PRINTABLE VERSION   EMAIL TO A FRIEND   RSS FEEDS 19:16 UK, 18th Apr 2014, by Agrimoney.com
Kernel's grain exports soar despite Ukraine crisis

Kernel Holding supported ideas of Ukraine grain exports defying the country's crisis, revealing a doubling in grain sales volumes, and a sharp rise in exports too.

The Ukraine-based sunseed crusher-to-crop exporter said that its export terminals handled 1.03m tonnes of grain in the first three months of 2014, a rise of two-thirds year on year, despite the country's political turmoil.
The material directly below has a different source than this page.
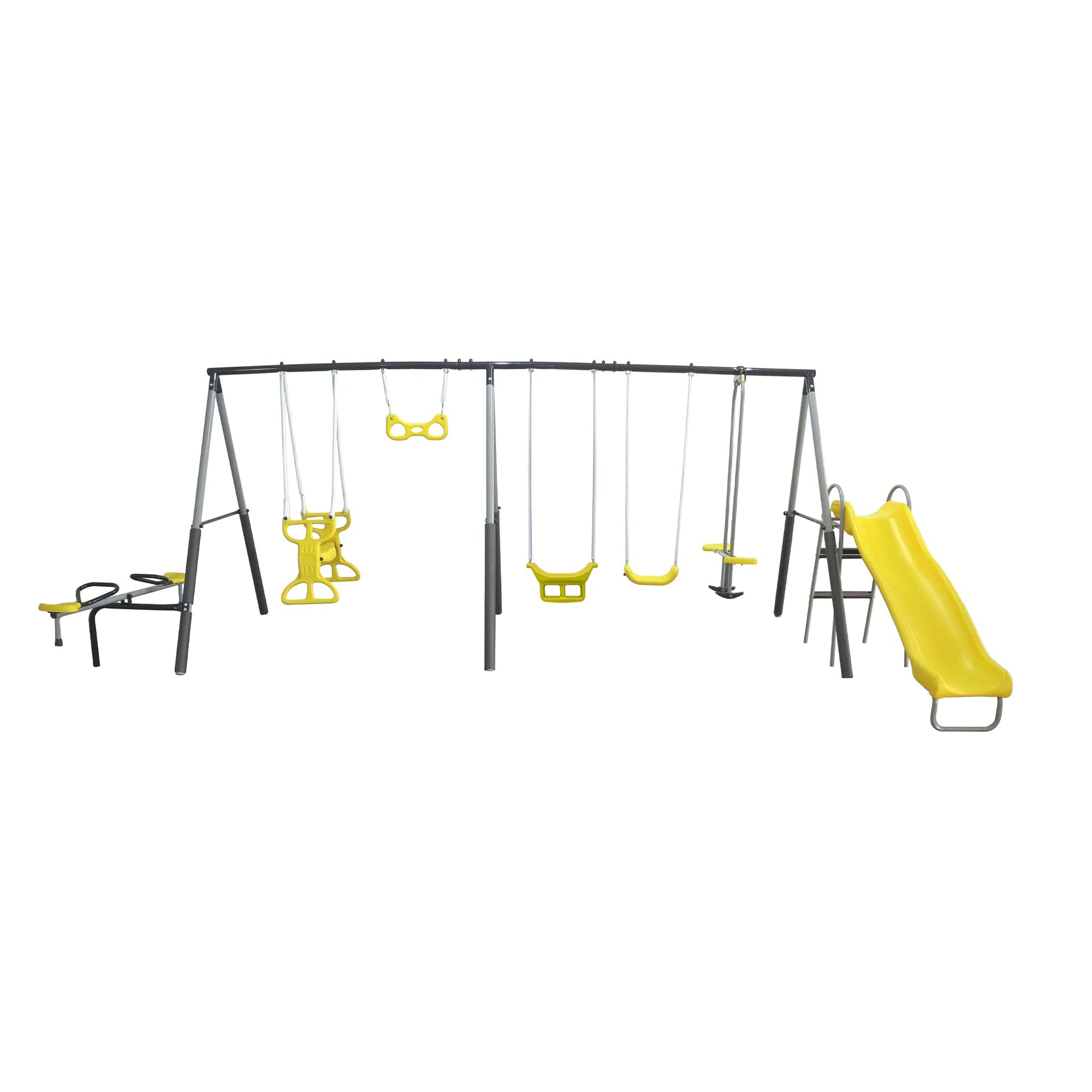The rising sun play land is a 6 leg frame swing set that accommodates up to 10 kids. It includes 1ea-swing, 1ea-stand N swing, 1ea-deluxe HDPE blow molded trapeze swing, 1ea-seesaw, 1ea-blow molded Glider, 1ea-metal Glider and 1ea-6'6'' blow molded double wall wave slide. The frame legs are 2'' diameter x 20 gauge wall thickness, top bar is 2'' diameter x 20 gauge thickness. Safe-touch PVC chain covers on the blow molded swing seats for no pinch. The blow molded Glider seat two riders, the metal Glider seats two riders. The seesaw has injection molded safe seats for two riders. Black and silver frame colors, Yellow seats, and a Yellow wave slide. The wave slide has handrails and a 'stop landing' for safe-stop entrance to ground. Up to 10 kids can play on the rising sun play land at once with an 100 lbs. per seat/play maximum. Recommended age use of 3-8 years. Designed and engineered for parents 'safe and fun' thoughts for their kids. The swing sets from XDP Recreation are constructed of 2'' diameter steel tubing frames with powder coated paint. XDP's steel frames have welded (no bolts) corner brackets for superior stability and ease of assembly. foam safety leg covers are included on some sets, on others they can be added as an accessory. all of our seats, riders and handles are made of a durable blow molded polyethylene (HDPE) material. The one-piece wave slides are HDPE (high density polyethylene) blow molded. The blow molded components provide additional quality, value and performance to the XDP Recreation products. Ease of assembly and safe assembly are important. The two-wall, blow molded, one-piece slide ensures safe & fun use for children. Our swings have ''safe-touch'' chain covers that are HDPE blow molded one-piece components for strong and safe use. All XDP Recreation swing sets are ASTM and CPSIA compliant.

Although this number included some 221,000 tonnes handled through Russia's Taman port, where Kernel has a 50% stake in the grain transhipment facility, even excluding these volumes export throughput rose 38% to 817,000 tonnes.
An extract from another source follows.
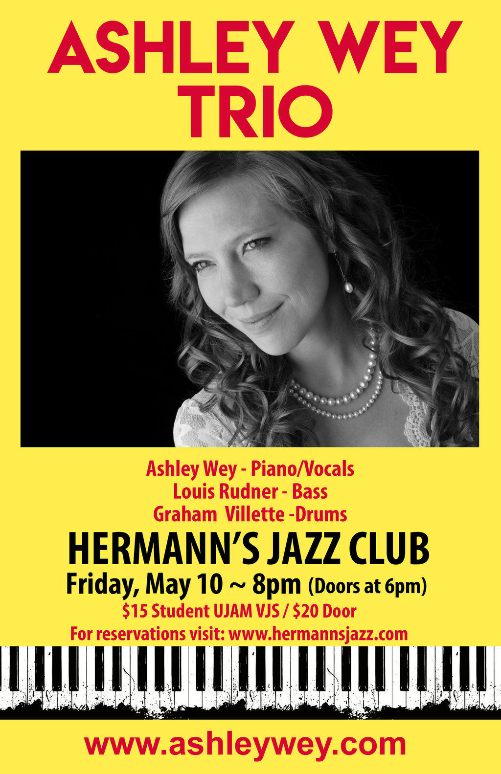 Victoria’s pianist Ashley Wey celebrates the beauty of modern jazz with passion and improvisational joy, bringing the standards freshly back to life. With three critically acclaimed self-produced albums to her credit, the captivating Wey returned to Victoria with her latest ‘Live’: an album filled with inventive ideas and breathtaking artistry. Ashley is a charismatic singer/pianist who lights up the stage with her bright smile and magnificent sounds that open minds and reach hearts. Joined by Louis Rudner(Michigan) on bass and Graham Villette on drums.

The continued strength in Ukraine's grain supplies, which is backed by government data, was also evident in the company's sales in the quarter, which doubled to 1.31m tonnes.

'Favourable price environment'

Kernel said that trade was supported by "record production", a reference to the country's bumper grains crop last year, and strong exports, "along with farmers actively selling their stock in the favourable price environment".
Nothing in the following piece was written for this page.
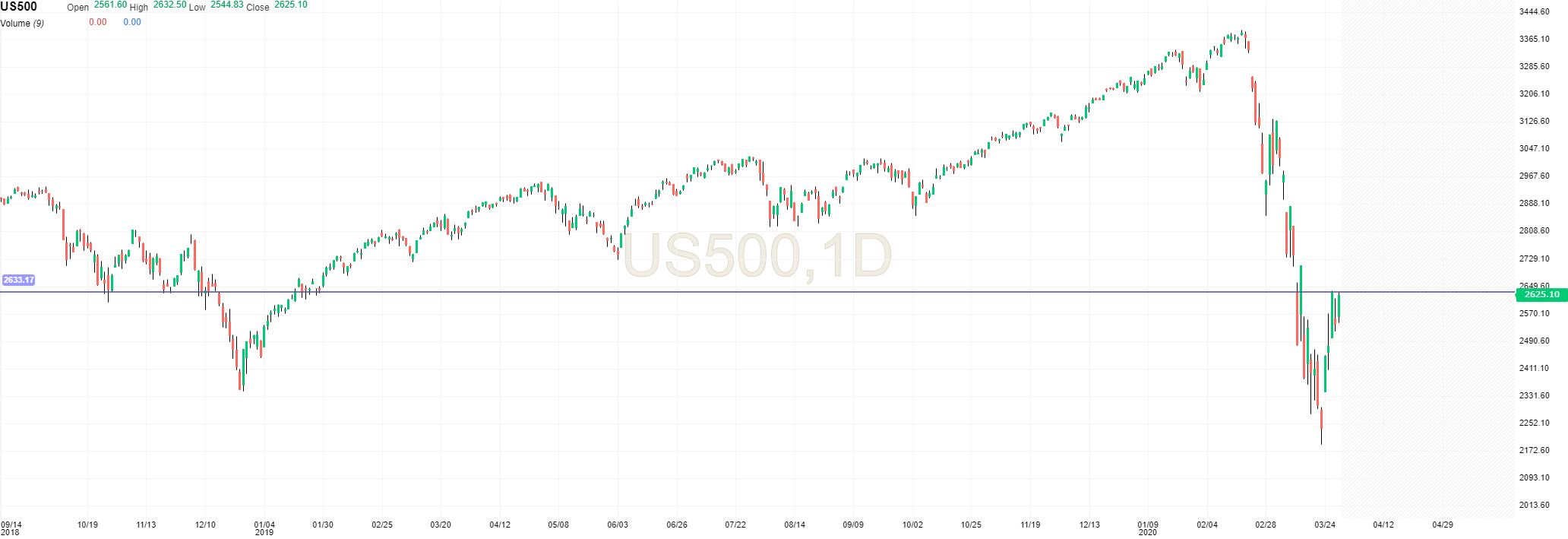Joao.D Escreveu:Vou olhar agora para o s&p 500. Desceu muito em 2 dois meses e subiu na semana passada. Desceu na sexta e desde q o bear market começou que tem descido tb na segunda. Acho que so uma vez é q nao desceu na segunda. O mínimo de sexta foi 2520 em fecho. Se descer segunda, terá outro mínimo em fecho. Se depois subir e tiver um fecho acima de 2630 passará a ter máximos e mínimos sucessivamente superiores, quer dizer que a tendência passará a ser ascendente.

The weakness of the hryvnia for much of this year has raised the value, in local currency terms, of crops, which are traded internationally in dollars.

Some observers say some recent stabilisation in the currency has reduced the appetite of farmers to hoard crop, as a hedge against further hryvnia depreciation, rather than sell.

Indeed, Agritel noted that the "impact on the domestic [grains] market did not take long" from a recovery in the hryvnia's exchange rate this week to 11.4 to $1, from 13 to $1.

On Wednesday alone, "corn prices lost around 300 hryvnia from 2,000-2,100 hryvnia a tonne".

'Lack of finance'

Kernel added that "since the severe political crisis in Ukraine that began in November, the company to date has been operating in a normal course of business both in Ukraine and Russia".

Nonetheless, there are continued expectations of the crisis curtailing this year's harvest, in raising financing costs, and reducing farmers willingness to spend on inputs such as seed, fertilizer and agrichemicals.

"Lack of finance is likely to result in more home-saving of corn seed rather than buying better imported supplies," traders at a major European commodities house said.

"Likewise, although Ukrainian arable production is essentially low input, less fertiliser and seed is likely to be used."

Analysts are forecasting a drop in output of some 10-20% year on year, the traders said.